Oracle Scratchpad

January 14, 2008

Trouble-shooting

Filed under: CBO,Execution plans — Jonathan Lewis @ 1:32 pm GMT Jan 14,2008

A recent item on one of the Oracle forums posed a question about copying statistics from one database to another (typically that would be development to test) to check the sanity of executions on a database that didn’t really have the proper scale of data.

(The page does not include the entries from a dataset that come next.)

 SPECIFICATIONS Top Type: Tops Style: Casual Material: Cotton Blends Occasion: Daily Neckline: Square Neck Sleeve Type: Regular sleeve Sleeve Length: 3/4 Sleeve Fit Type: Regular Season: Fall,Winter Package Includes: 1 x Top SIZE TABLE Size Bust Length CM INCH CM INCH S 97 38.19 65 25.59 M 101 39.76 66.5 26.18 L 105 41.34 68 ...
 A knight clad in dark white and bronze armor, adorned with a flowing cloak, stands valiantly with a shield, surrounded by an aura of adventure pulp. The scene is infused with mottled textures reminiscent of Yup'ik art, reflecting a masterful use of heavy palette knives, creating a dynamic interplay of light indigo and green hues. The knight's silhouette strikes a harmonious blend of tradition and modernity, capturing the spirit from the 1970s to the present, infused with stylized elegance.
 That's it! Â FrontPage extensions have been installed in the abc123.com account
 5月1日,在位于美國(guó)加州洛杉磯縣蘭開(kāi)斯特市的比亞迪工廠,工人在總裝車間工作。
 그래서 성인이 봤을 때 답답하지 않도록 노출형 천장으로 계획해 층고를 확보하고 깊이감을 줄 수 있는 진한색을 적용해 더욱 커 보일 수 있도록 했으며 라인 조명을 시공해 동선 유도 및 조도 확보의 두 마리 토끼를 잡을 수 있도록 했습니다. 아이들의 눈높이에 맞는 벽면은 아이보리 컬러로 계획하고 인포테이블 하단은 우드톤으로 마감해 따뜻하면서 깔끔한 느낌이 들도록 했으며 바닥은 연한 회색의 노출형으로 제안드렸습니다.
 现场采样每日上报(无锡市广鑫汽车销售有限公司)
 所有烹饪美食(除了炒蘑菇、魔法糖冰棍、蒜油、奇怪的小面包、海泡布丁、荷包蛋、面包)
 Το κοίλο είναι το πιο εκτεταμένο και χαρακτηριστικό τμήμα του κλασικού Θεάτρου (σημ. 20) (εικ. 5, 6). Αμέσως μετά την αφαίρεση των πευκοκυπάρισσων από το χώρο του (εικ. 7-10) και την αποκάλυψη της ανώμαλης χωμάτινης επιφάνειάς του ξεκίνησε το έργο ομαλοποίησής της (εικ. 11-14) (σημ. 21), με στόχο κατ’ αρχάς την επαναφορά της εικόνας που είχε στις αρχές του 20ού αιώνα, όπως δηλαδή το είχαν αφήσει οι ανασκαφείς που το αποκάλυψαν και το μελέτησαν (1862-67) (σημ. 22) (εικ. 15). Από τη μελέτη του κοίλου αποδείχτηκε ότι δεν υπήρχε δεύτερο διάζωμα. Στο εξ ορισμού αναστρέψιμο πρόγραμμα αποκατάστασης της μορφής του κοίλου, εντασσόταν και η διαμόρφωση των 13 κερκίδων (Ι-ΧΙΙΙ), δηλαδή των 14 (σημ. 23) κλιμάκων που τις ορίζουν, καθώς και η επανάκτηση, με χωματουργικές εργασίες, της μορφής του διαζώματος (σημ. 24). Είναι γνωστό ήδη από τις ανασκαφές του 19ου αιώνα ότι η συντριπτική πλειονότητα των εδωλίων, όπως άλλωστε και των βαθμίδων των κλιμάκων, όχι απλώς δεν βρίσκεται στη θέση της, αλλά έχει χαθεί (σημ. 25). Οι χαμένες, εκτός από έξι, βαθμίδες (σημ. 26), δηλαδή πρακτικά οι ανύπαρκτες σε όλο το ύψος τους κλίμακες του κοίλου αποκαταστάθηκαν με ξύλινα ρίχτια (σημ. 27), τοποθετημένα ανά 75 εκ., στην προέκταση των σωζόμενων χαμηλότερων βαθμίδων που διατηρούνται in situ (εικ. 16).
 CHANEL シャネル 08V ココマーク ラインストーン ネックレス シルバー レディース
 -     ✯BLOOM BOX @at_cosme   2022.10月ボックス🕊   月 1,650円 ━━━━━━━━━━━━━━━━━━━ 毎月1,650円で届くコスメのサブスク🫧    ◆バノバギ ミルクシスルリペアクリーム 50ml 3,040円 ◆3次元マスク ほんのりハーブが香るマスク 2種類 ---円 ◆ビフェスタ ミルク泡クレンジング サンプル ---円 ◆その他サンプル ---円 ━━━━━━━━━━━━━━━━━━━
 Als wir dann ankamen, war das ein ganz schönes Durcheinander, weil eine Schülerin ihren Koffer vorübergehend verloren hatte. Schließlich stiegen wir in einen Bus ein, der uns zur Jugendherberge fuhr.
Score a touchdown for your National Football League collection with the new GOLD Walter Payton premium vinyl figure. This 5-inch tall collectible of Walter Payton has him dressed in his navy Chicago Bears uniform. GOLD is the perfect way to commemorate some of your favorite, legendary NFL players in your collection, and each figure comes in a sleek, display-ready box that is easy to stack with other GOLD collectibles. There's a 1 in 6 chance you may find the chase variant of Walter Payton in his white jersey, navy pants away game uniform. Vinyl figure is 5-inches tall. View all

In this case the poster was looking at a test system which had 150% more data than a development system.  After copying the statistics from one system to the other, a simple query showed different execution plans on the two systems, as follows (I’ve trimmed the bytes, cost, and time columns at the right hand to get a better page fit).

Test

------------------------------------------------------------------------------- 
| Id | Operation                | Name          | Rows | Cost | Pstart| Pstop | 
------------------------------------------------------------------------------- 
|  0 | SELECT STATEMENT         |               |   30 |    2 |       |       | 
|  1 |  PARTITION RANGE ITERATOR|               |   30 |    2 |    12 | 14    | 
|* 2 |   TABLE ACCESS FULL      | TBL_TX_REPORT |   30 |    2 |    12 | 14    | 
-------------------------------------------------------------------------------    

Development

 
-------------------------------------------------------------------------------------------------- 
| Id | Operation                            | Name                 | Rows | Cost | Pstart| Pstop | 
-------------------------------------------------------------------------------------------------- 
|  0 | SELECT STATEMENT                     |                      |    1 |    1 |       |       | 
|  1 |  PARTITION RANGE ITERATOR            |                      |    1 |    1 |    12 |    14 | 
|* 2 |   TABLE ACCESS BY LOCAL INDEX ROWID  | TBL_TX_REPORT        |    1 |    1 |    12 |    14 | 
|* 3 |    INDEX RANGE SCAN                  | IX_TBL_TX_LONDONTIME |    1 |    1 |    12 |    14 | 
--------------------------------------------------------------------------------------------------    

The question is, what else (apart from the object statistics) could the plans depend on.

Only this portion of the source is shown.